At first blush, one might argue that the assorted ludic and interventionist approaches of these artists share something with ersatz-anarchic sporting game shows such as Ninja Warrior and Holey Moley. Both approaches are interested in what constitutes risk and reward and both are certainly  focused on ideas of play. Yet where contestants negotiating water blasters to cross slippery beams might entail a limited formulation of risk (to ego, to winning prizemoney), play is filtered through an abrasive sense of spectacle and ordeal rather than a space of curiosity and free negotiation.[10] What Hewson, Mestrom, Aydemir and Ballinger among others demonstrate is that thinking through play in the public sphere offers us a genuinely transformative idea of this term: one not sanitised nor instrumentalised, and where risk is not simply a filter for an idea of spectacle as an end in itself. For these artists, play needs to be rethought as a mechanism of heuristic learning, to function as a riposte to the warping of our collective spaces.

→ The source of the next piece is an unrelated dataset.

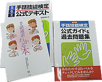 手話技能検定試験に対応した、基礎(単語や基本文例など、イラスト付きで解説)からしっかりと網羅されている公式テキストの他、過去問題集や解説書など使ってわかりやすく講義を進めます。
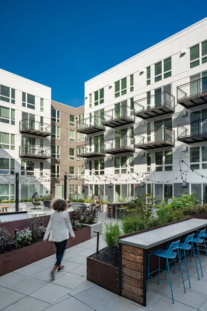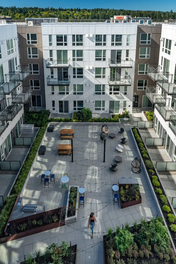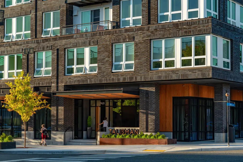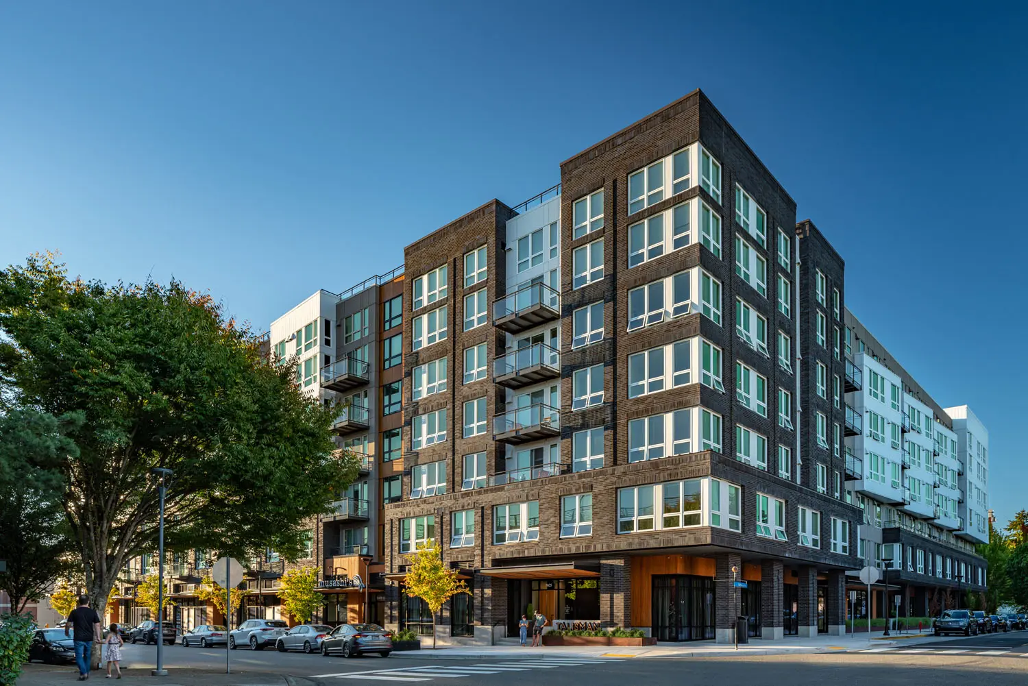 Talisman is the first residential project within the Redmond Town Center, a development that houses shopping, offices, parking and a future light rail station. The challenge was to intertwine the residential experience in the existing plan, as well as to conceal its 500+ parking stall garage in a graceful way. We also needed to avoid digging too deep into Redmond’s water table—only building approximately one story below grade.

Ryan Ballinger, Pathophysiological Recovery Exercise #1, 2018, performance in Wellington, New Zealand. Photo: Meredith Robertshawe.

Footnotes

  1. ^ Roger Caillois, Man, Play and Games, (Illinois: University of Illinois Press, 2001), 5-6.
  2. ^ Caillois, 6.
  3. ^ Quentin Stevens, The Ludic City: Exploring the Potential of Public Spaces, (London: Routledge, 2007), 1.
  4. ^ Stevens, 1.
  5. ^ Sanné Mestrom, email to the author, 27 June 2021.
  6. ^ Mestrom, 2021.
  7. ^ Anthony Vidler, Warped Space: Art, Architecture and Anxiety in Modern Culture, (Cambridge, Mass; London: MIT Press, 2000), 2-3.
  8. ^ Cigdem Aydemir, https://cigdemaydemir.com/nns.html Accessed 29 June 2021.
  9. ^ Steven Connor, A Philosophy of Sport, (London: Reaktion Books, 2011), 215.
  10. ^ A more complex and potentially radical version of the sporting game show was the remarkable Jeux Sans Frontières which ran across Europe for 34 years. Framed as an international competition, it featured often a series of strange and audacious ordeals that drew on the history of happenings and performance art. See De Donno, Emanuele (ed) Sportification: Eurovisions, Performativity and Playgrounds, (Vinadustriae: Foligno, 2017).

David Cross is an artist, curator, writer and Professor of Visual Art at Deakin University.